Коллеги Колосова, окружившие «рафик», подумали, что он толкнет стрелка лицом в снег, но они ошиблись: Колосов поволок его, упиравшегося, согнутого, к своей машине.

– Отпусти меня! Отпусти, говорю! Я ничего не знаю, без адвоката ни слова не скажу! – Тон стрелка был уже другим.

– В аду, в аду все скажешь… Я тебе его сейчас устрою. – Колосов саданул его в солнечное сплетение и затолкал в машину. – На Елецкого всю информацию, какая есть, какая возможна – адрес, телефон, место работы! – крикнул он своим. – Встречайте следователя. А мы отъедем ненадолго.

Его хотели удержать, пытались, но не смогли.

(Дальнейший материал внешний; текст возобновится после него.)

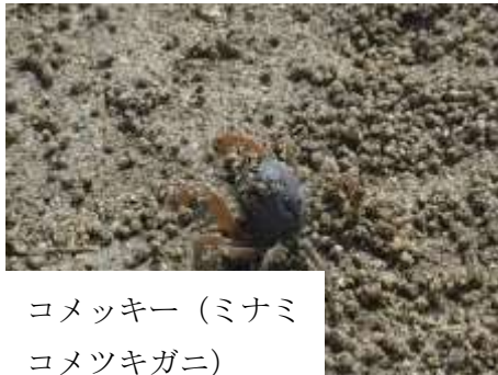
コメツキー (ミナミコメツキガニ)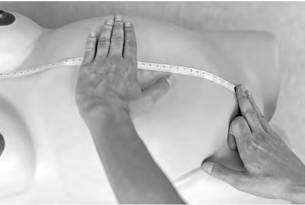
Рис. 6. Скольжение рукой по овиду беременной матки с целью прижатия сантиметровой ленты к животу

В ноябре темнеет быстро. Вроде только что заходящее солнце светило в пыльные заводские окна, искоркой вспыхивало в линзе оптического прицела – и вот уже сумерки и темнота. И разве мало в промзоне Южного порта тихих темных безлюдных углов? Колосов знал их немало. На полной скорости он съехал на набережную – к самой воде, черной, стылой. Открыл машину, выбросил стрелка на обледеневший гранит. Они были вдвоем – он и задержанный, убийца, наемник. На карту было поставлено дело. А возможно, и человеческая жизнь. Имя заказчика – Колосов знал его, ведь теперь, после выстрелов у игорного клуба, из Абакановых-Судаковых остался только один он – не Абаканов, но Судаков. Но это снова была лишь догадка. Ей нужно было подтверждение – официальное признание для протокола. Названная, произнесенная вслух фамилия. Если же ее не хотели называть – ее все равно надо было узнать, получить. Выбить. Выбить беспощадно из этой сволочи, убийцы, наемника – с потрохами, с кровью, с его поганой блевотиной. И этому не должны были помешать никакие душевные сомнения – угрызения совести, жалость… И даже ей… Кате, нечего было переживать за него по этому поводу. Но видеть его здесь, сейчас, в этом аду ей было нельзя. Это нельзя было видеть никому. Потому что…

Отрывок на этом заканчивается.